Liczący sobie blisko 100 lat żelbetowy obiekt w sąsiedztwie Cmentarza Centralnego, po długim czasie oczekiwania przeszedł gruntowny lifting. Wiadukt nad ulicą Ku Słońcu powstał w latach 20. XX wieku jako element trasy kolejowej łączącej Turzyn ze Wzgórzem Hetmańskim. Wiosną 2018 roku odzyskał dawny blask. Został odmalowany, a wszelkie ubytki spowodowane upływającym czasem, zostały usunięte.

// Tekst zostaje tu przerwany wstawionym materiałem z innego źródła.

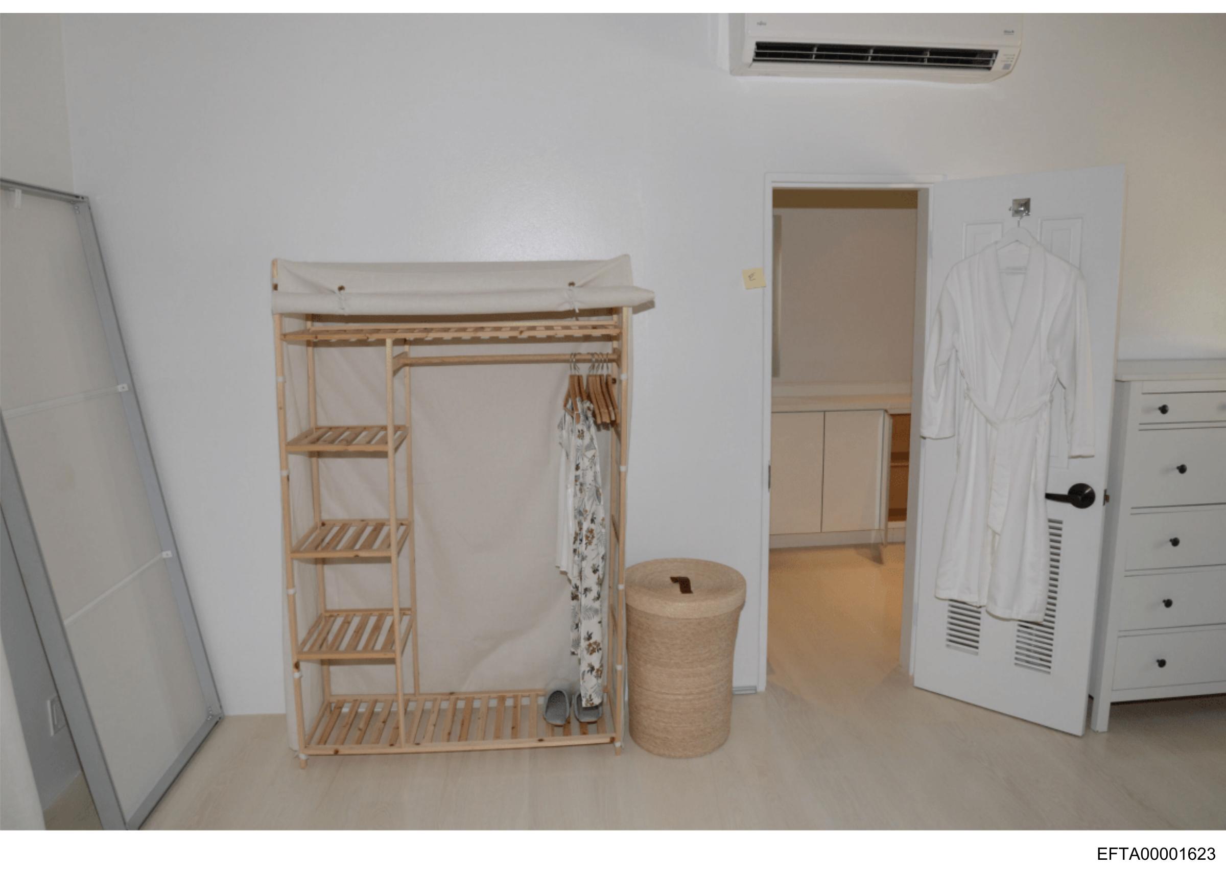 The image shows an interior space with a focus on a neatly arranged room corner.
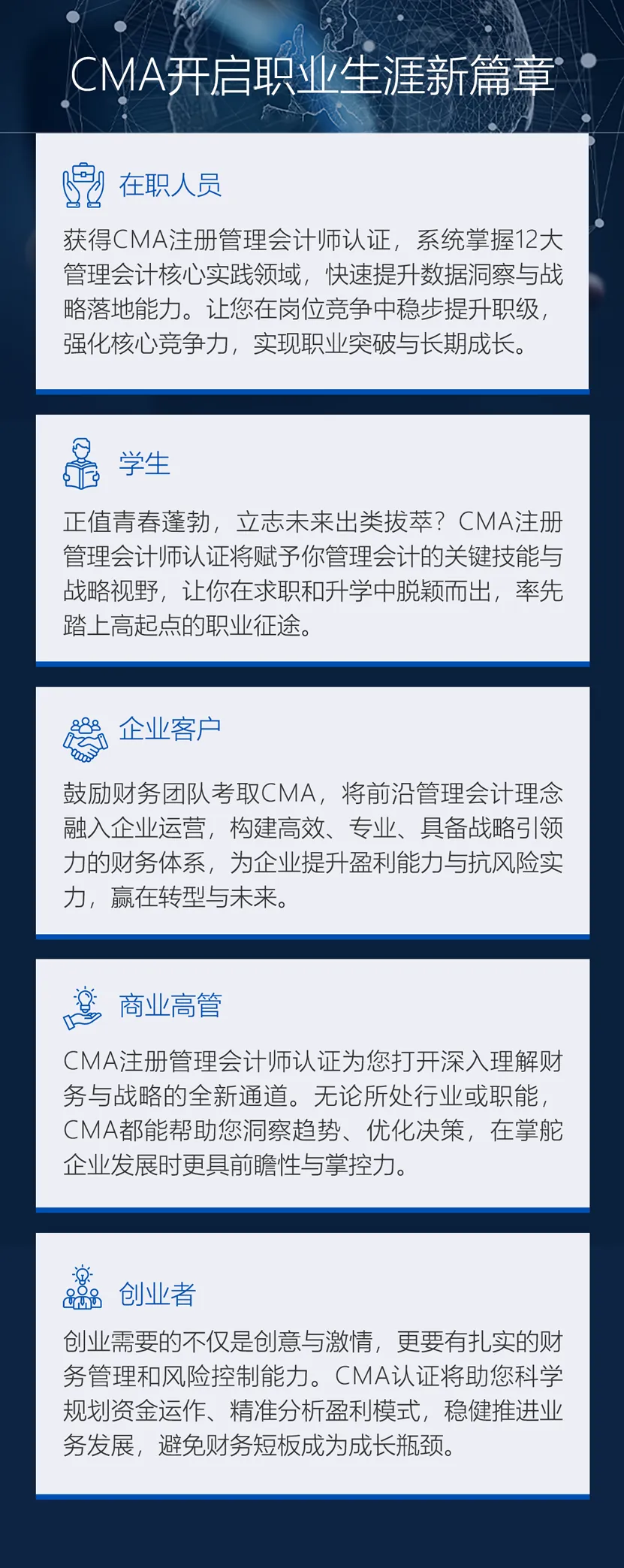 即刻启程,让CMA注册管理会计师认证成为重塑财务认知边界的引擎与支点。它不仅涵盖战略财务、绩效管理、风险控制等核心专业能力,更与时俱进地融入新兴技术、商业运营、数据分析与可持续发展等跨学科内容,系统赋能财务人成为业务共创者与组织战略合作者。
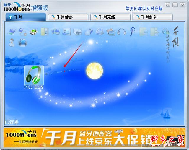 當(dāng)然,它不可能直接和你的藍(lán)牙音箱配對(duì)連接,還需要下載一個(gè)千月的藍(lán)牙軟件,安裝在電腦上就可以了,然后打開搜索,這個(gè)軟件有一個(gè)好處就是,不管你有幾個(gè)藍(lán)牙設(shè)備直接點(diǎn)中間這都可以搜索到,并且可以一起連接,也就是說,如果你有藍(lán)牙音箱,藍(lán)牙鍵盤和鼠標(biāo),都可以用這個(gè)適配器同時(shí)連接。
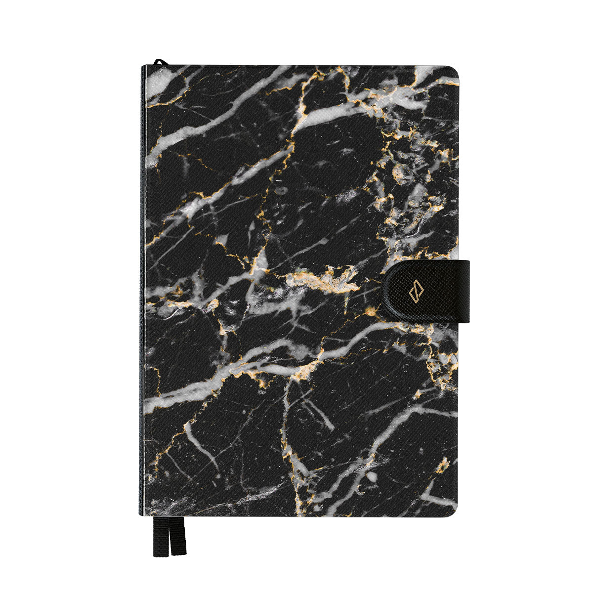 Wykończony piękną, wegańską skórą Saffiano, zabezpieczony eleganckim zapięciem magnetycznym i wystarczająco trwały, by poradzić sobie z rozlaną kawą oraz momentami, w których chciałoby się powiedzieć „ups”.
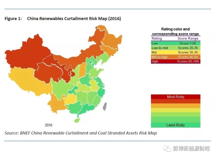 5. 中國仍將在棄風棄光高風險地區(qū)新增超過50GW的風電光伏裝機容量:根據我們的棄風棄光風險地圖,超過三分之一的省份在棄電高風險區(qū)域。然而,我們估計在能源局十三五期間的預核準項目清單中仍有30GW的風能項目及24GW 的光伏項目位于這些高風險地區(qū)。
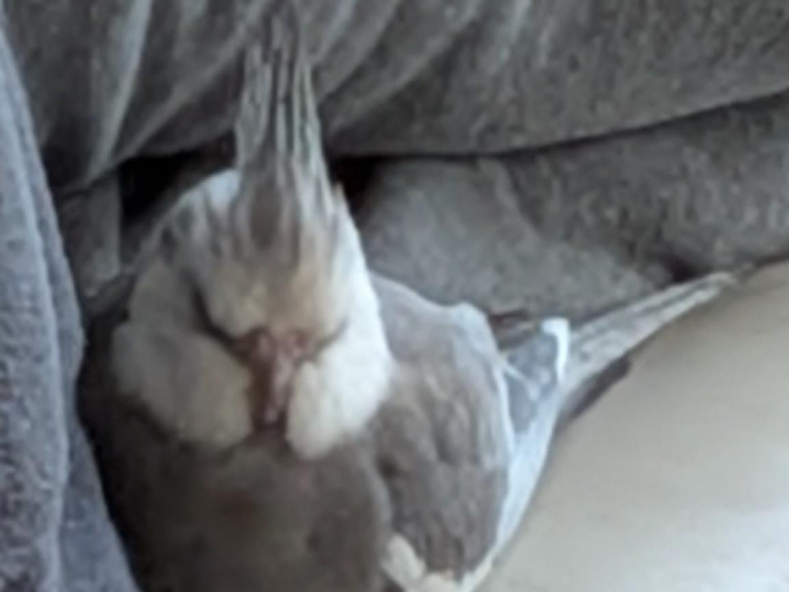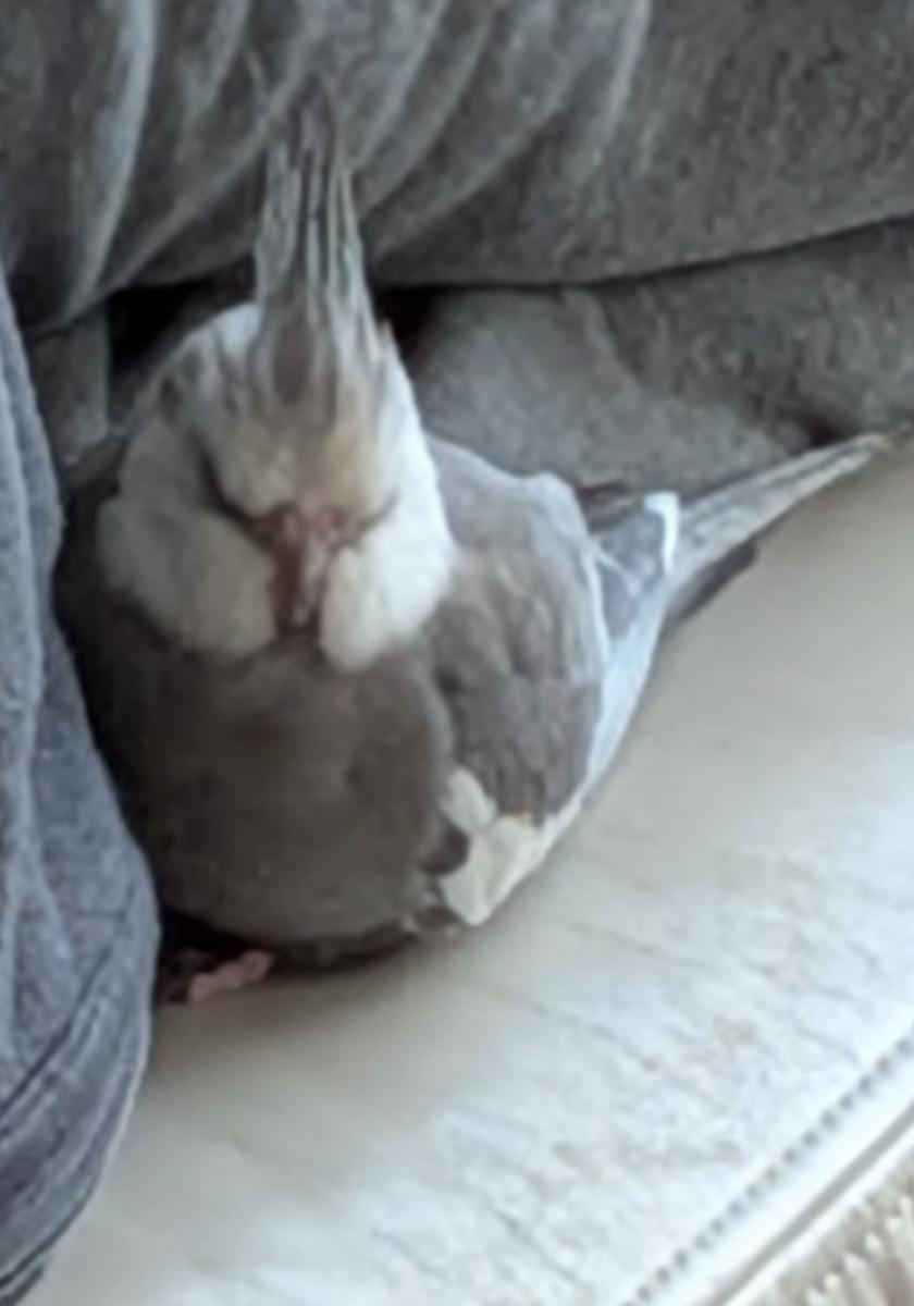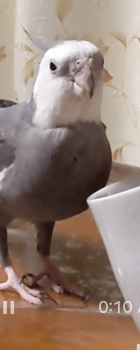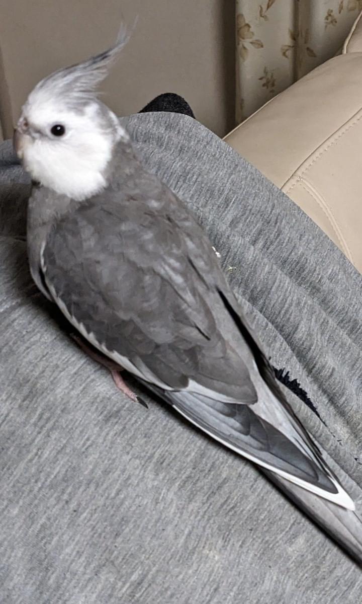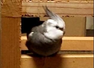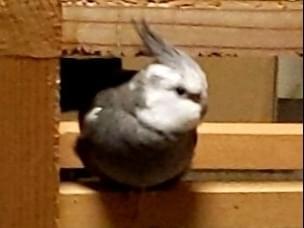 体が灰色で顔が真っ白のオカメインコです。よそのオカメと違って、頭の上にある冠羽(とさかのようになっている毛)がバサッと開いていることが多いです。とても臆病で一人になるのが苦手なので誰でも見つけたら肩に乗ります。でも触られるのは嫌いなので、手を出すと逃げてしまいます。来客があって、玄関を開けていたので、逃げてしまいました。
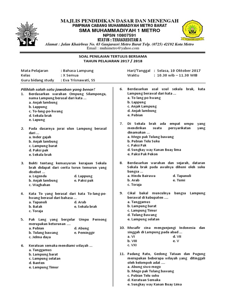 Bahasa Daerah Lampung Bima Bintang Akbar Academia Edu

Niestety, krótko po zdjęciu rusztowań wiosną 2018 roku, zabytkowy wiadukt padł ofiarą pierwszych wandali. Najpierw pojawiły się niewielkie i nieliczne tagi, jednak z biegiem czasu było ich coraz więcej. Obecnie zabytkowy obiekt jest w wielu miejscach pokryty bohomazami, których wciąż przybywa.
To jednak nie koniec. W ostatnim czasie coraz większą uwagę zwracają liczne spękania i łuszcząca się farba, której płaty spadają na ulicę. Są one widoczne zarówno w głównej części obiektu, jak i w charakterystycznych niszach w jego przyczółkach. Okazały wiadukt, który jeszcze niedawno budził zachwyt, obecnie jest wątpliwą wizytówką tego miejsca, zwłaszcza, że znajduje się w miejscu uczęszczanym przez mieszkańców i turystów, którzy odwiedzają największy cmentarz w Polsce.